Thread: geometry

Question
In a quadrilateral ABCD, P and R are the midpoints of AB and CD respectively. Also Q and S are points on the sides BC and DA respectively such that BQ = 2QC and DS = 2SA. Prove that the area of the quadrilateral PQRS equals S/2 where S is the area of the quadrilateral ABCD.

Solution
Line P R divide quadrilateral ABCD with equal area s/2:
A (APRD) = A (PBCR) = S / 2

Sum of the triangle area PRS and PQR is area of the quadrilateral PQRS and is s/2.

It is s/2 not only for BQ = 2QC and DS = 2SA, it is true for
BQ = N*QC and DS = N*SA
where N=(1/M or M) and M real number.

Triangle area PRS(1/M) equal PQR(M), sum=S/2 and
PQR(1/M) equal PRS(M), sum=S/2

I was wondering if this is how you do the question?

Originally Posted by xwrathbringerx

Question
In a quadrilateral ABCD, P and R are the midpoints of AB and CD respectively.
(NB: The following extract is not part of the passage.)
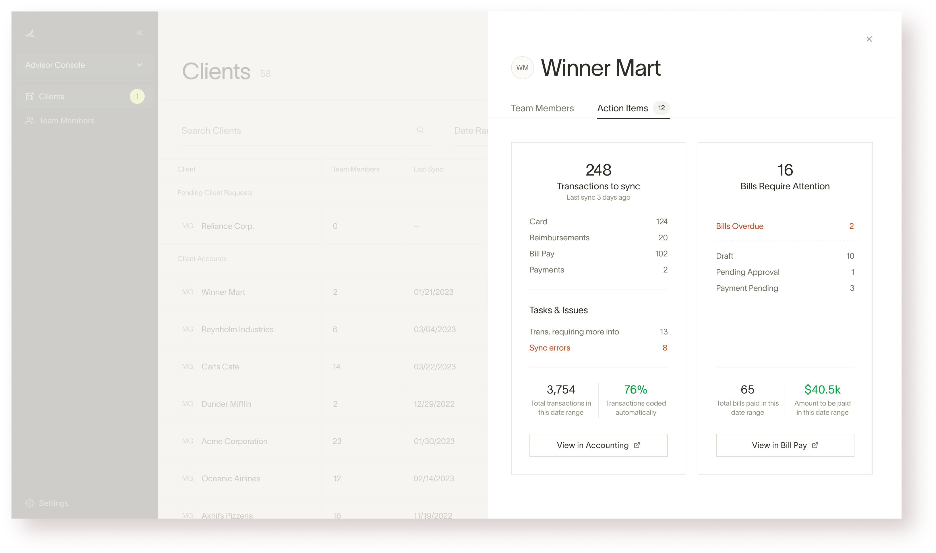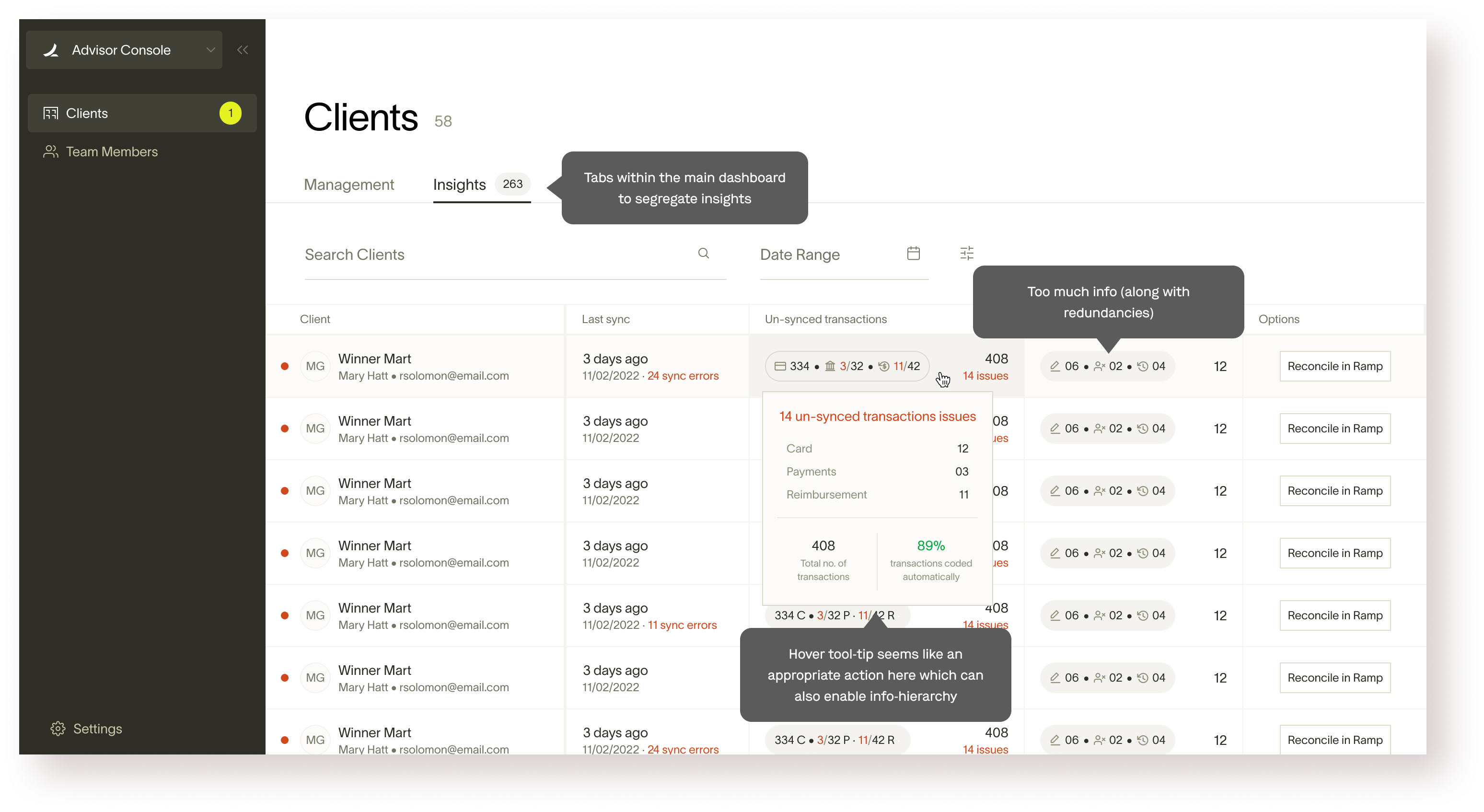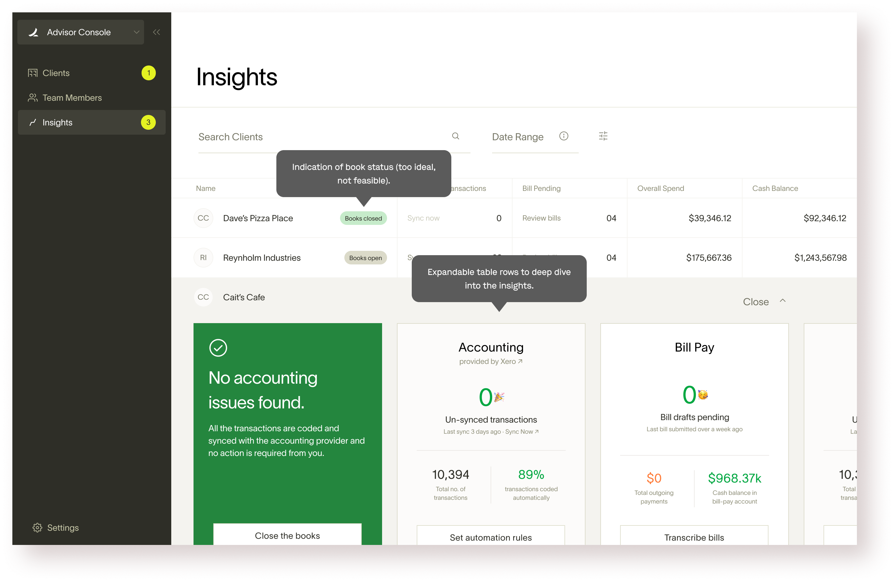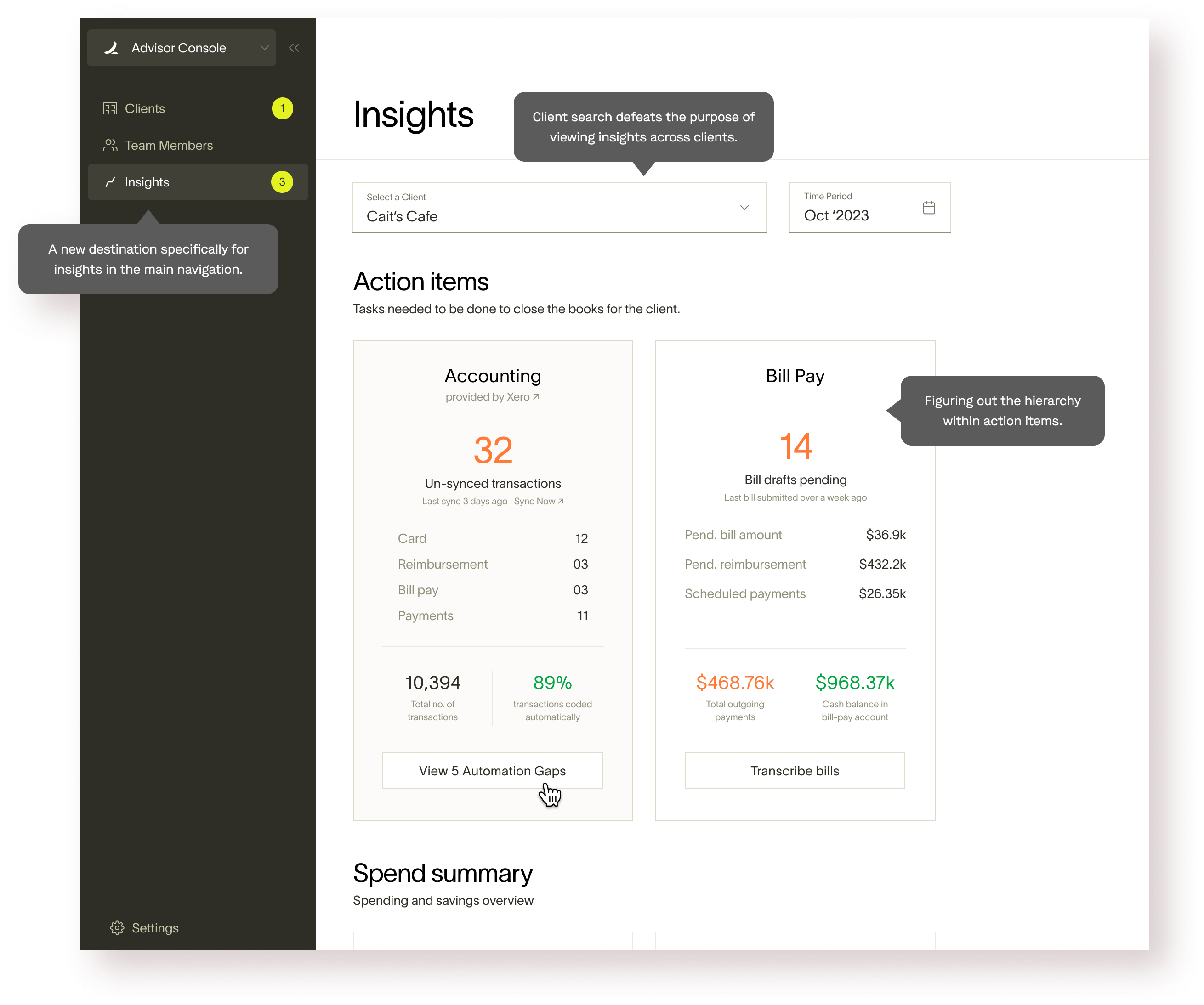 Primary goal: Give advisor console users the ability to centralize insights across clients without having to click into each client account. We believe that these insights will be primarily leveraged to improve internal processes for accountants, rather than being directly client facing.

Also Q and S are points on the sides BC and DA respectively such that BQ = 2QC and DS = 2SA. Prove that the area of the quadrilateral PQRS equals S/2 where S is the area of the quadrilateral ABCD.

Solution
Line P R divide quadrilateral ABCD with equal area s/2:
A (APRD) = A (PBCR) = S / 2
Sum of the triangle area PRS and PQR is area of the quadrilateral PQRS and is s/2.
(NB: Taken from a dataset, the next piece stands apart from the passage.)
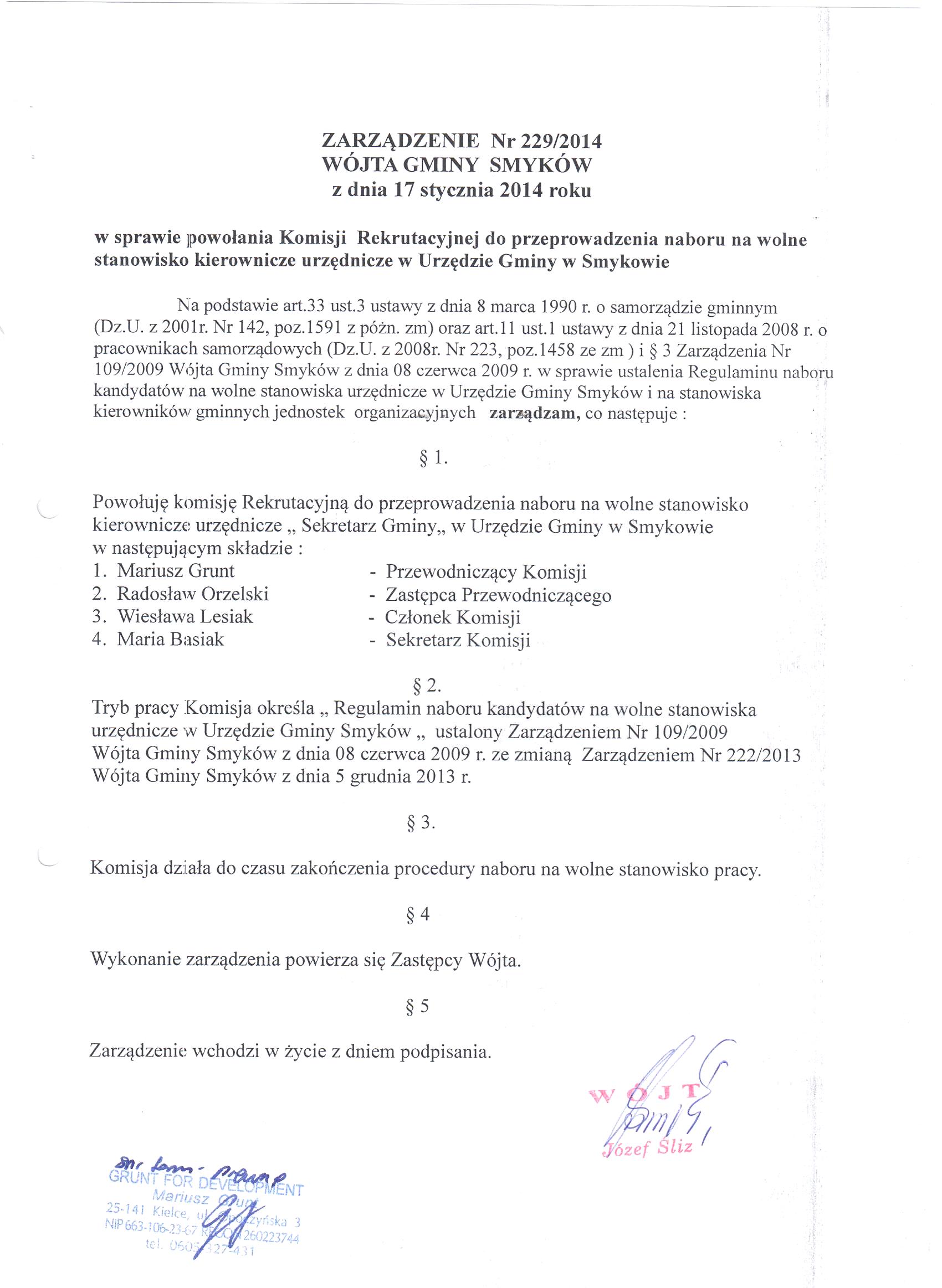 Zarządzenie 229/2014 w sprawie powołania Komisji Rekrutacyjnej do przeprowadzenia naboru na wolne stanowisko kierownicze urzędnicze w Urzędzie Gminy w Smykowie |

It is s/2 not only for BQ = 2QC and DS = 2SA, it is true for
BQ = N*QC and DS = N*SA
where N=(1/M or M) and M real number.

Triangle area PRS(1/M) equal PQR(M), sum=S/2 and
PQR(1/M) equal PRS(M), sum=S/2

I was wondering if this is how you do the question?
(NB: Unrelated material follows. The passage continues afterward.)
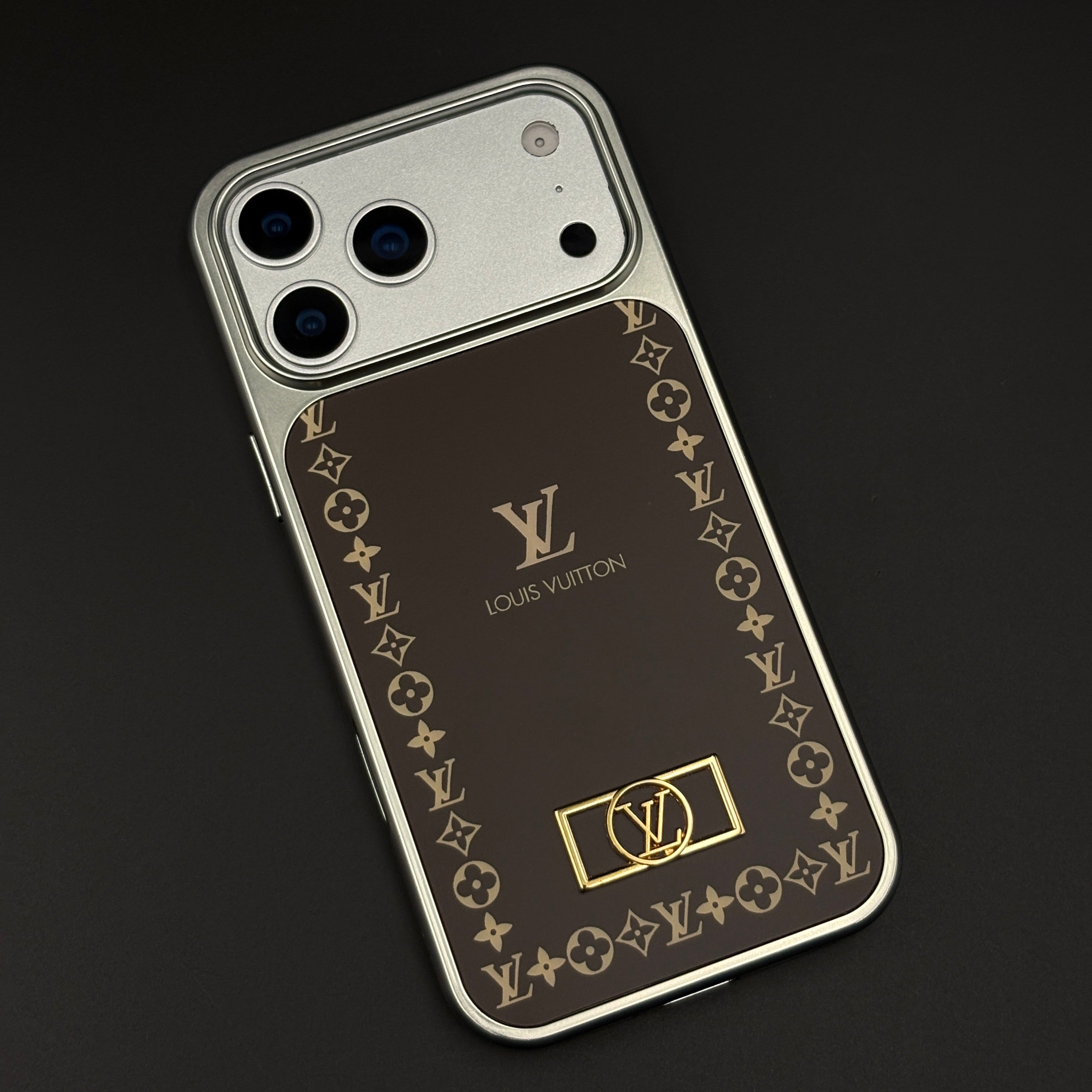 Give your iPhone 17 Series an elegant upgrade with this luxury-style monogram border case, featuring a sleek metal-look frame, rich brown back panel, and raised camera protection for everyday use.

Nowhere in the posted question is said, nor is it implied, that the line L divides the quadrilateral ABCD into two equal parts.
Although it is said that the L joins the midpoints of AB and CD, that does not mean that L divides ABCD equally such that APRD = PBCR in areas.

To imagine that, think when ABCB is like a "trapezoid" but the shorter upper base, BC, is not parallel to he lower base, AD.

Can anyone help me solve this?!?